Jail for Cursing in Court, But No Time for Tardiness

By William Peacock, Esq. on October 24, 2012 | Last updated on March 21, 2019

Robert Peoples is going to have to learn some respect. Down in the Fourth Circuit, the legal profession is still held in high regard. There is a certain decorum that is expected of all those who step foot in the hallowed halls of a mid-Atlantic courtroom.

Peoples was pressing multiple claims against prison officials due to his treatment while he was a guest of the state. After he showed up late during jury selection, Judge Cameron McGowan Currie warned him to be on time. He was late on the first day of trial. Judge Currie stated that next time, his claims would be dismissed with prejudice.

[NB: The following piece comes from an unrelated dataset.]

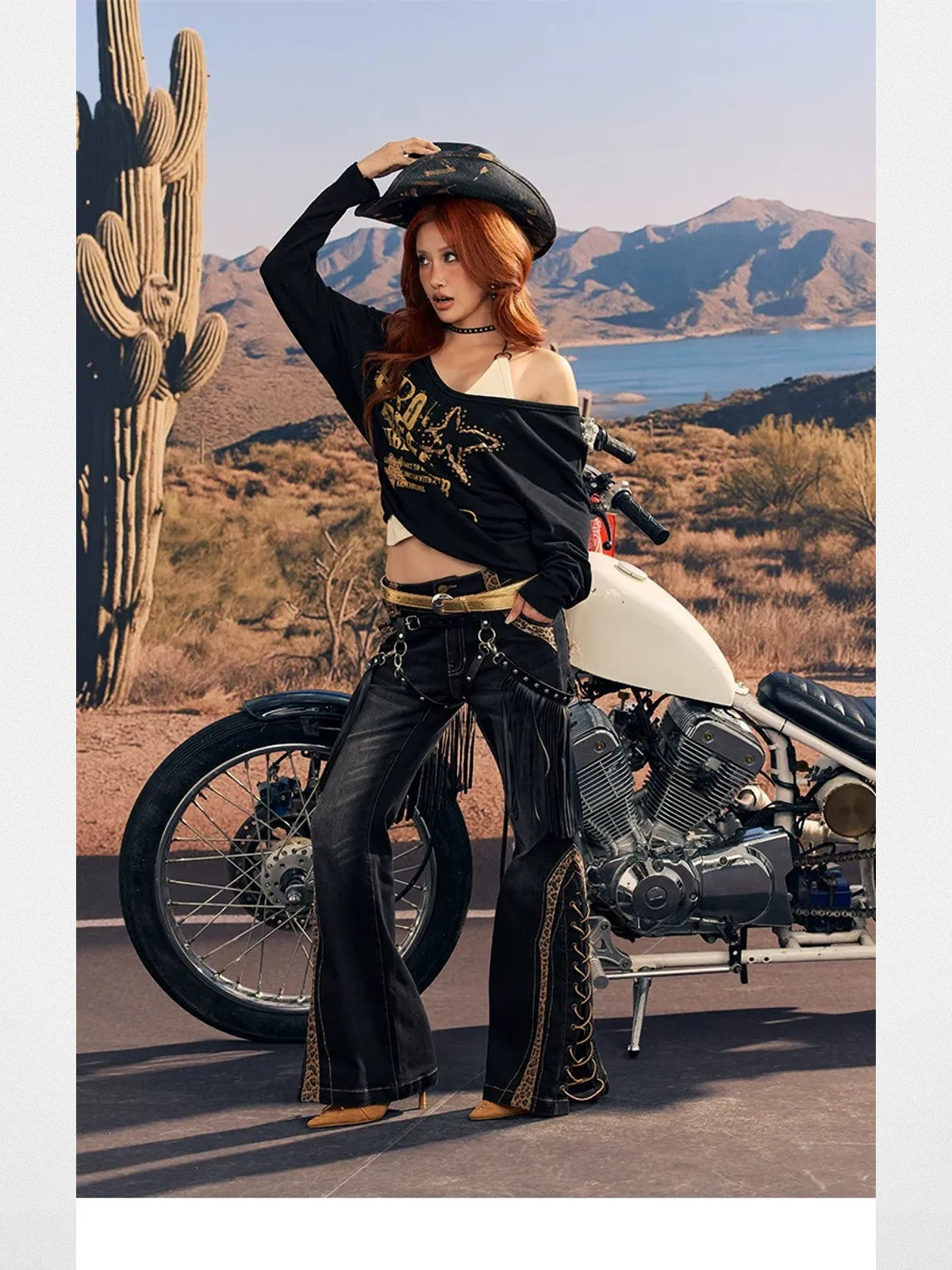 The Leopard Panel Lace Up Flare Jeans in Denim — a women's jeans from BeerBro. BeerBro channels the easygoing attitude of West Coast streetwear. Each piece captures the easy confidence of not trying too hard — harder to pull off than it looks.
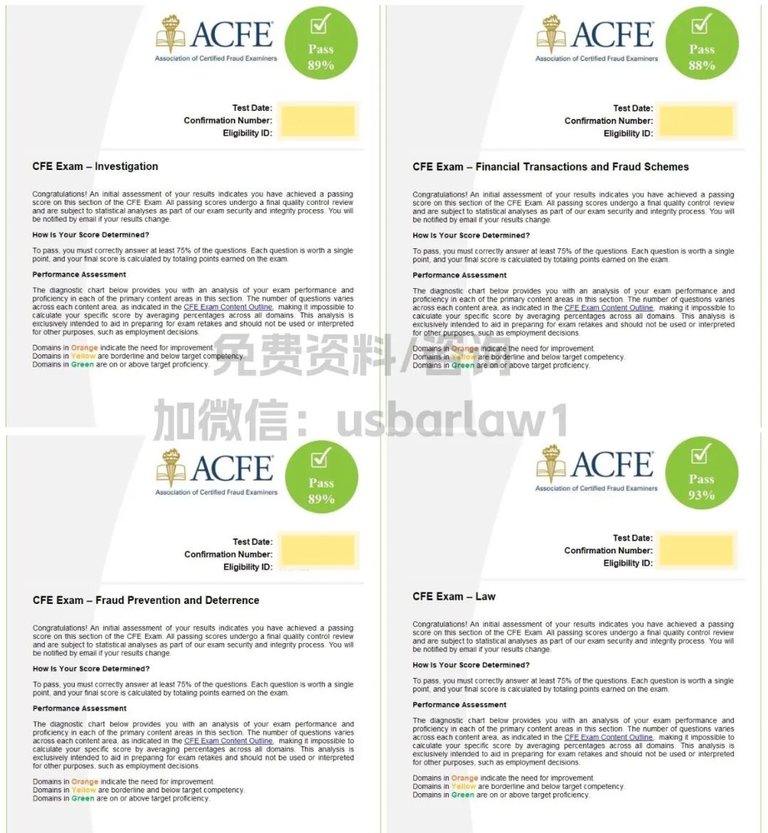 基于此,我下定决心备考CFE,并于近期顺利通关,四门科目均取得88-93分的优异成绩,实现一战上岸。

Though he was late again, he called the court and was excused. However, he became disruptive and disrespectful and was given one final warning.

During a subsequent trial, even after another reminder, he was late again. Case dismissed.

After the judge left the courtroom, Peoples approached the deputy clerk and stated, "Tell Judge Currie get the f--- off all my cases. I started to tell her something there. I started to tell her ass something today." He continued to rant and was charged with contempt. Judge Currie then recued herself.

However, he still hadn't learned his lesson. He showed up late to the contempt hearing, earning himself a second charge, tried back-to-back with the first. His excuse was car trouble. He was found guilty of both counts. He appealed to the Fourth Circuit.

In order to hold someone in criminal contempt, there must be

  • misbehavior;
  • in or near the presence of the court;
  • which obstructs the administration of justice;
  • and is committed with criminal intent;

Peoples challenged the first and third elements. First, he claimed that while his language might have been offensive to some, it was not directed at the judge and was simply an expression of his displeasure. The Fourth Circuit disagreed, stating that it was uttered in order to get Judge Currie off the case and it threatened judicial authority.

His second argument was that it did not obstruct justice, as it was done while the court was not in session. While that may be true, the time spent investigating the matter and in tending to the disturbance distracted the court personnel from their regular duties. That suffices for obstruction in the Fourth Circuit.

(Sidebar: In the Seventh Circuit, the investigation and costs of a contempt charge are not enough by themselves to prove obstruction. Circuit split. SCOTUS anyone?)

It wasn't all bad news for Peoples however. Contempt charges can be brought on notice or via summary disposition. The former would have required time for the defendant to prepare. He was only given a brief moment to confer with counsel while the court remained in session. The latter is only available in cases of misconduct that occur in the judge's presence, such as profane language. Precedent indicated that summary disposition is inappropriate for tardiness.

The result? Four months for cursing and no time for tardiness.